Hmm, let’s make that a thousand, why not two?
Before we’re old and boring we might try
Another couple of thousand, plus a few.
In Haberdasher Road the pair reside,
Ancestral portraits lining stately halls.
Old Street and Hoxton Square await outside,
With smart appointments and brisk social calls.*
And now she’s marrying Rich we are the richer.
She was an Upchurch-Szirtés child when born,
And though love is the ancient great bewitcher,
She says her name has not been turned to Horne.
The Horne of plenty. Yes, we lose but gain.

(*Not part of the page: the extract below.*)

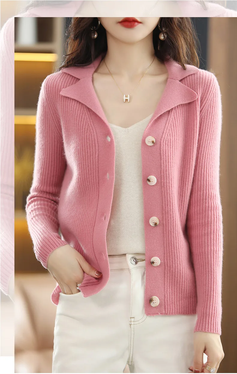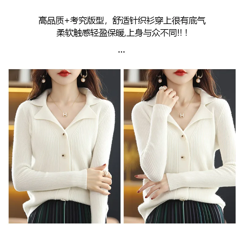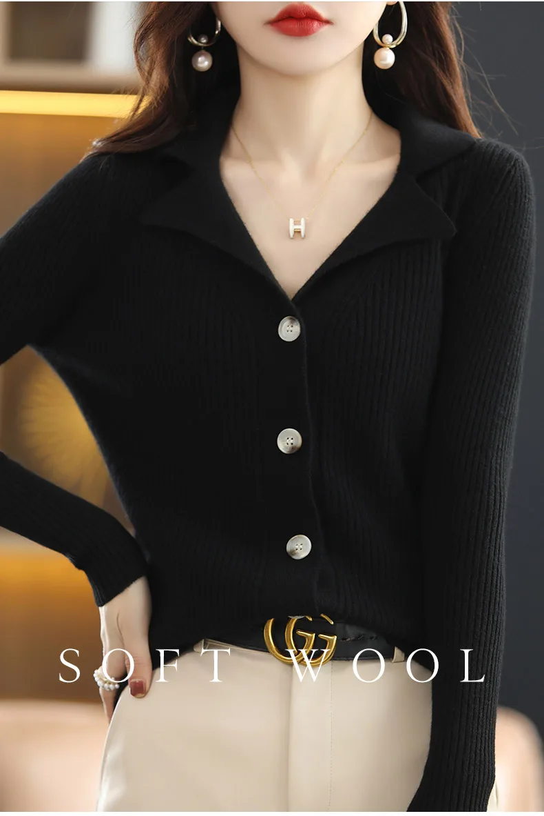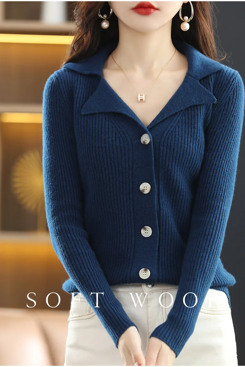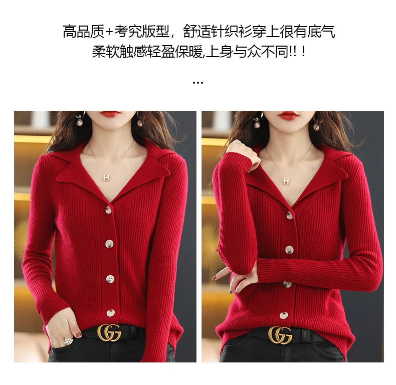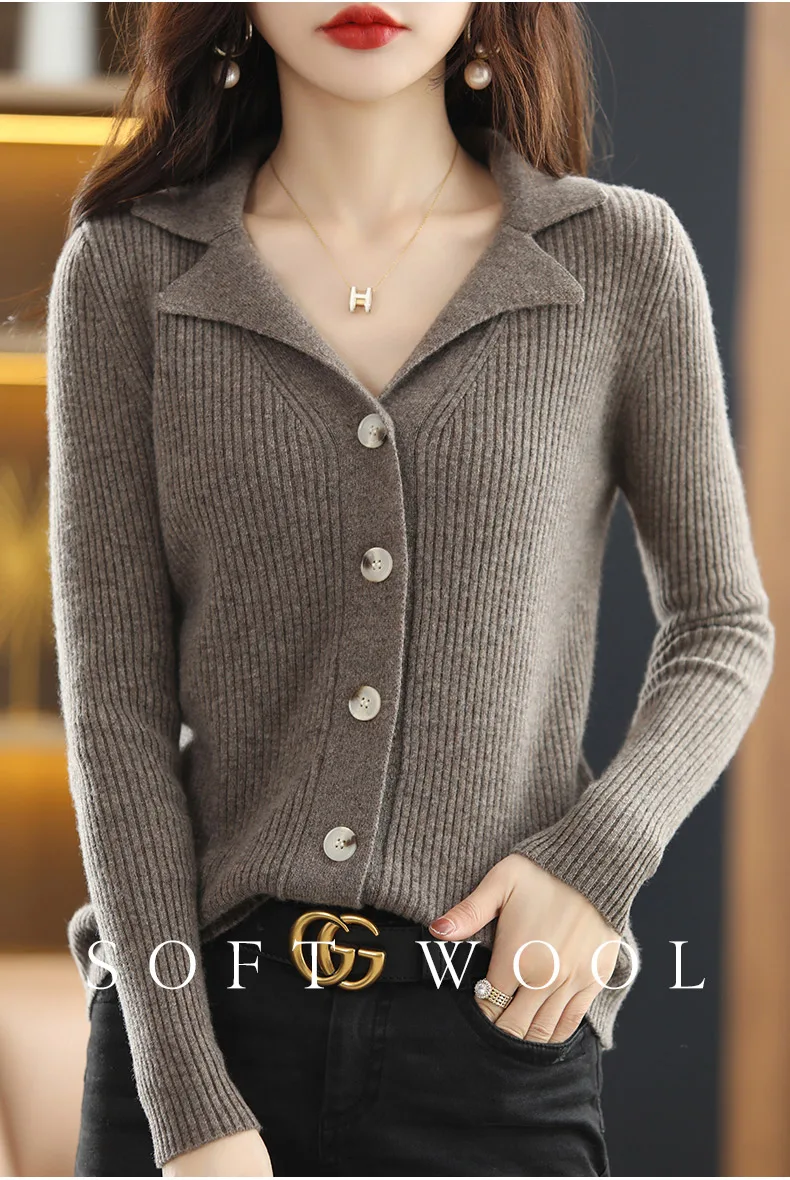 الصوف الخالص سترة مشغولة من الصوف المرأة الربيع والخريف جديد فضفاض و رقيقة رائعة الملابس النسائية شيك التلبيب سترة الكشمير المعنقة

It seems that much of time is so much seeming,
But loves come out on top time and again,
And this is a true wedding. We’re not dreaming.
From the beginning,
From the start,
From the first beat of the human heart,
There must be a whole of which we’re part.
From the beginning,
Within the genes,
From infancy, childhood, and through our teens,
We seem to imagine certain scenes.
Here’s a beginning,
Here’s scene one,
Here is the movie that life may run,
Here is the joy that the song is done,
Here is a daughter and a son,
And here we all are, everyone.
We’re here, we’re now, we’re in the flesh: we’ve seen
The ceremony, the ring, the kiss, the dress.
Our family’s doubled, we’re twice what we have been:
Double the day, the love, the happiness.
*This device is called irony. There are no ancestral portraits. Just in case there should be any misunderstanding. It's verse, innit? Some family events and in-jokes, la-la. It's not the blasted Waste Land (though it begins with it)!